Efficient completion of an IT project, automated or not, requires good Knowledge Representation. Noeon Research architects its Knowledge Representation to be able to handle different notions at different levels of abstraction. For example, structured entities like code, configuration, and data model are treated at a different level of abstraction compared to facts and negations such as requirements, architectural decisions and constraints; these, in turn, must be treated at a different level compared to causal relations, for instance, how workload affects performance and memory consumption. At a yet higher level, we have the relation of the project objectives to the objectives of adjacent projects, etc.
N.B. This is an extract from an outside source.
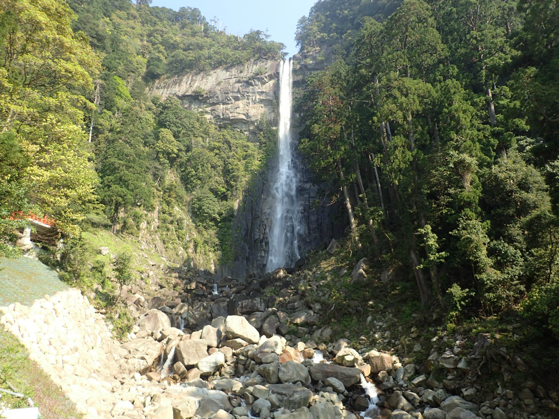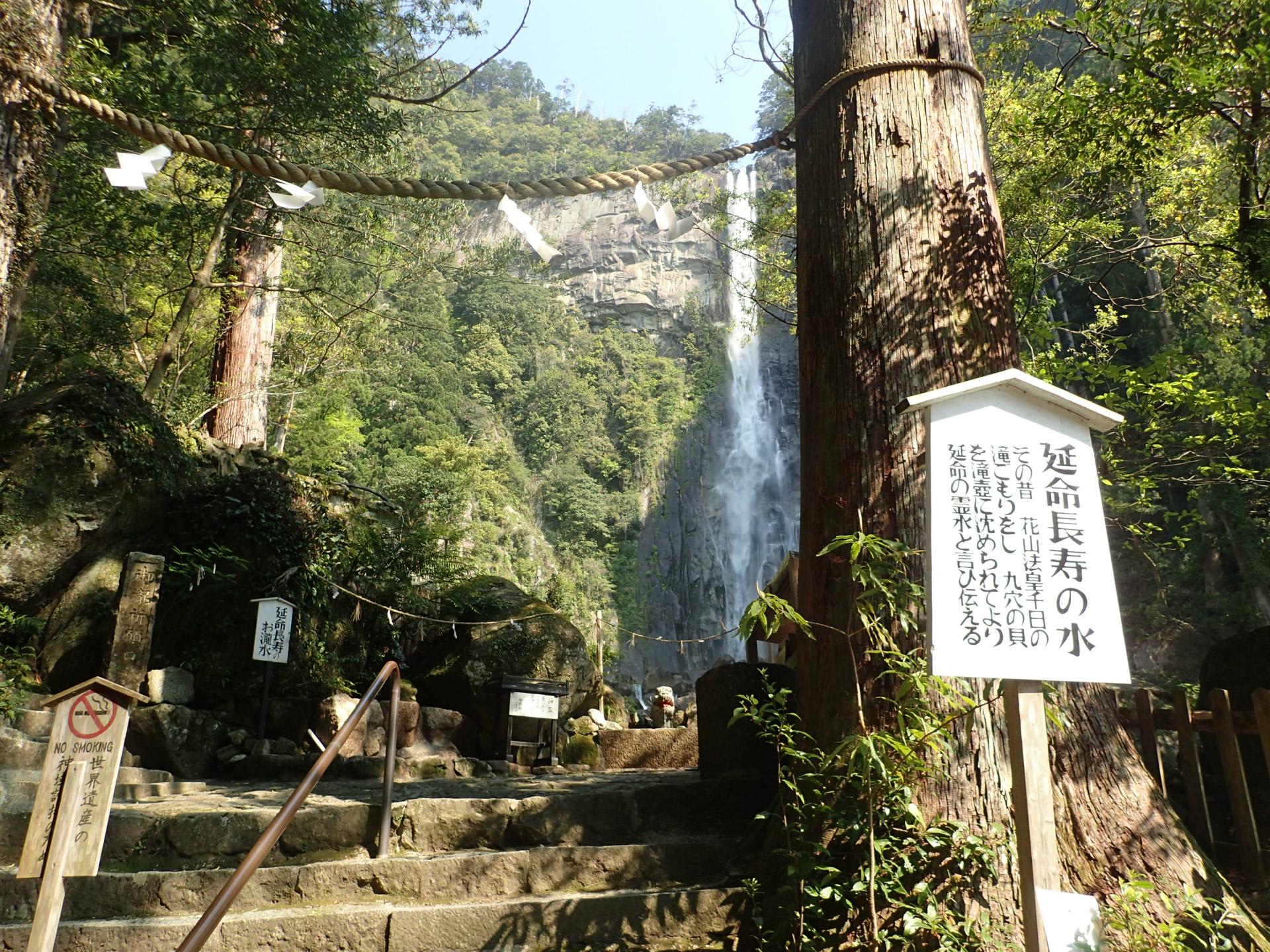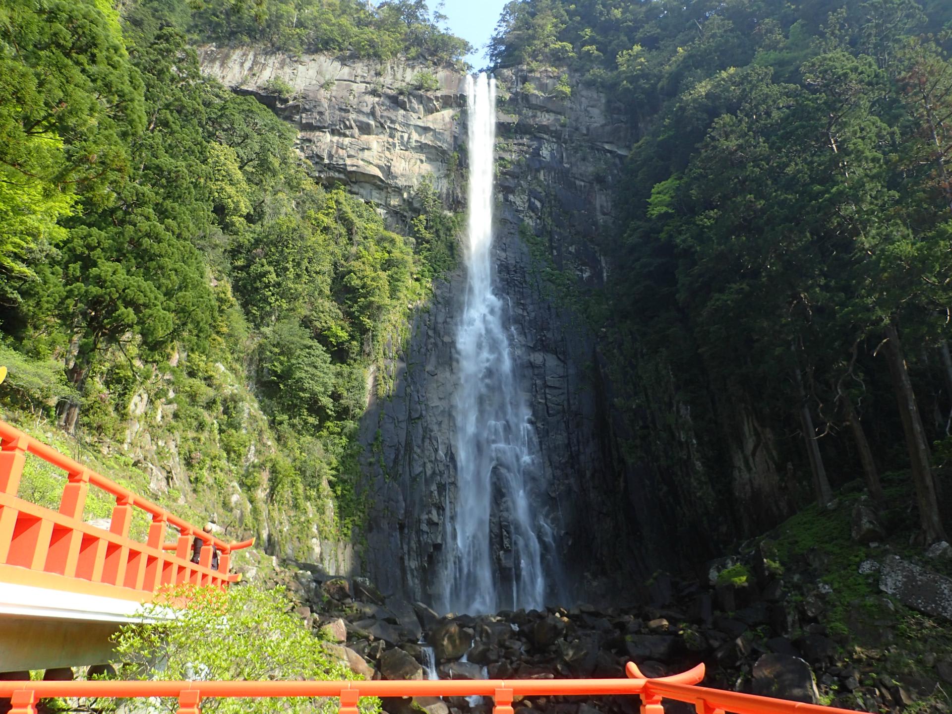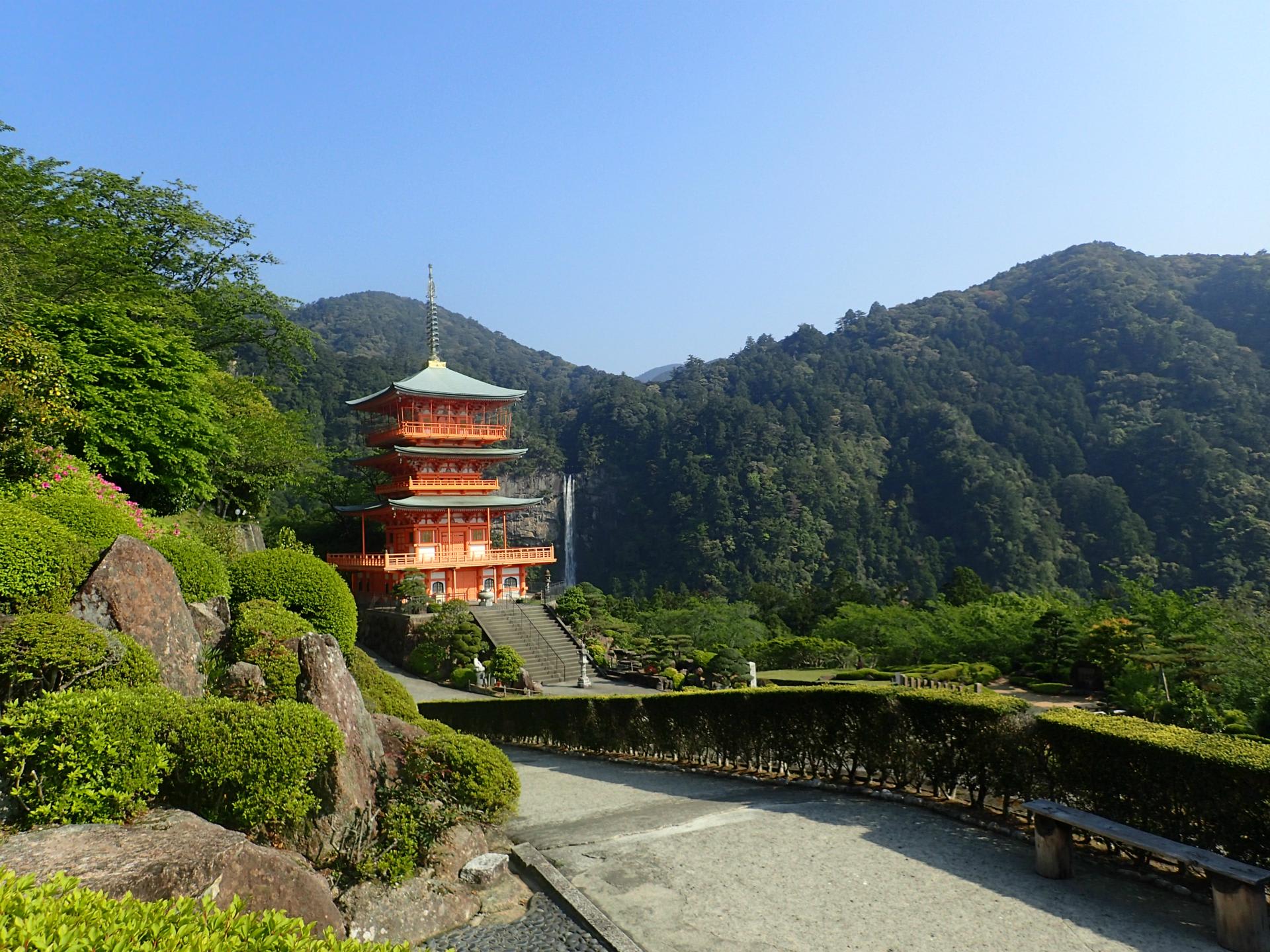 また、那智山のシンボル三重塔と日本三名瀑のひとつに数えられる那智の滝も見えます。

LLMs represent knowledge in the form of learned weights in vast neural networks approximating some conditional probability distribution function. This representation proves to be very versatile. For instance, ChatGPT natively answers programming questions, producing code in various programming languages. Surprisingly ChatGPT often performs on par or even better than fine-tuned systems like Copilot or CodeWhisperer [1], presumably due to a bigger context window size and cross-domain knowledge transfer. However, LLM-based systems struggle with hallucinations and made-up facts [2], inventing non-existent functions and APIs.
For an enterprise system to be trustworthy, it is mandatory to get correct answers where there are correct answers and be able to check the correctness. To achieve this, we need much more structured representations.
To overcome the opaqueness of weights and biases of Neural Network layers, researchers apply symbolic distillation [3] to recover the structure of LLMs knowledge in the form of a Knowledge Graph. Being symbolic, structured and explicit, Knowledge Graphs support direct reasoning about causal relationships and fact-checking. However, it is unclear if this technique can be effectively transferred from common-sense general knowledge to domain-specific knowledge like programming.
In particular, if the process of compressing a corpus into an internal LLM representation loses information about relationships between domain objects, we will not be able to recover that information in the Knowledge Graph. This is not important in common-sense reasoning, where progress is measured in percent accuracy, but is much more important in software engineering, where using any API incorrectly will crash the program.
It is tempting to think that recovering a symbolic representation of knowledge entirely obviates the need for an LLM. However, instructions are usually given in natural language, which needs to be translated into a graph query language to interact with the symbolic knowledge base. LLMs are the best known tool for this kind of translation.
Ontologies [4] are the best-known form of structured Knowledge Representation. However, there’s no universal philosophical and methodological approach to ontology construction which results in a multitude of mutually incompatible domain-specific ontologies [5]. Moreover, as long as most ontologies are based on Description Logic [6] they are not adapted to representing procedural (algorithmic) knowledge which severely limits their usefulness for automatic code transformation.